Twice a day, at 6:10 a.m. and 6:10 p.m., church members pray for all those working on the construction site because there is a feeling among many of them that this isn’t just business as usual. The construction and creation of the Beacon Center is a spiritual act, being done to honor God.

The time since 2016, when Daniels and Broadnax stood with D.C. Mayor Muriel Bowser and other to break ground on the Beacon Center, has been a series of leaps of faith, Broadnax said.

“Emory is not a wealthy congregation, but we trust in God,” said Broadax, even down to details like knowing they will be able to find the money for all the little touches, like being able to provide stainless steel doors to the elevators in the church.

It has been a spiritual journey for all involved. “process of patience, persistence and prayer.”

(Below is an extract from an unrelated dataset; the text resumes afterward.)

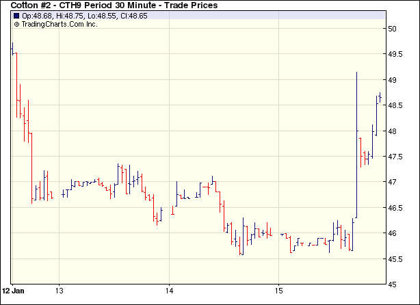 1月15日紐約期棉交投略顯活躍,大豆期貨價格走強(qiáng)刺激期棉買盤活躍,促各合約大幅收高,主力3月合約最為強(qiáng)勢。當(dāng)日市場開盤后小幅震蕩,外圍谷物市場大豆價格高漲,導(dǎo)致期棉買盤活躍,棉價快速攀升并觸發(fā)止損買盤。3月合約最高至49.15美分/磅,較開盤高318點。盤終各合約大幅收高,3月合約漲幅最大,為253點,收于48.53美分/磅;5月合約漲221點,收于49.11美分/磅。 分析師指出,雖然昨日美國股市及原油市場繼續(xù)呈現(xiàn)弱勢,但期棉市場未受其影響,僅在大豆價格的指引下走出大漲行情。此外,昨美棉出口周報顯示上周美國凈簽約出口本年度陸地棉28282噸,較前一周減45%,低于市場預(yù)期;陸地棉裝運量為44928噸,較前一周增2%。 紐約棉花期貨首期0903合約近三個交易日交易走勢 |

There was a moment, when the project was almost derailed, when the city declared the church a historic landmark. But the congregation continually returned to its deliberate efforts of embracing patience, persistence and prayer and they found a way through to the topping off. 

Those in the construction field know that topping off celebrations, like the one recently celebrated at the Beacon Center, are a sign that the construction has reached its literal high point.

But Daniels is certain God has even greater things in store.

“The Beacon Center is not our destiny,” he said. “The Beacon Center is a tool to build consciousness of the need to serve and walk with people who Howard Thurman would call the disinherited, the people who the church turns its back on, the people of who Jesus ministered to.

“This is about salvation, about creating wholeness, ministering to those in the community physically, mentally, emotionally, relationally, economically – holistically.  Jesus came for us to be well, that we may have life and have it to the fullest,” Daniels said. “We will have 260 to 300 people living on top of us. The question becomes what’s next. What’s the next idea, the next place to build and do creative, innovative ministry. …

“Look what God has done. When the building is open, its motto will be “To God be the Glory.”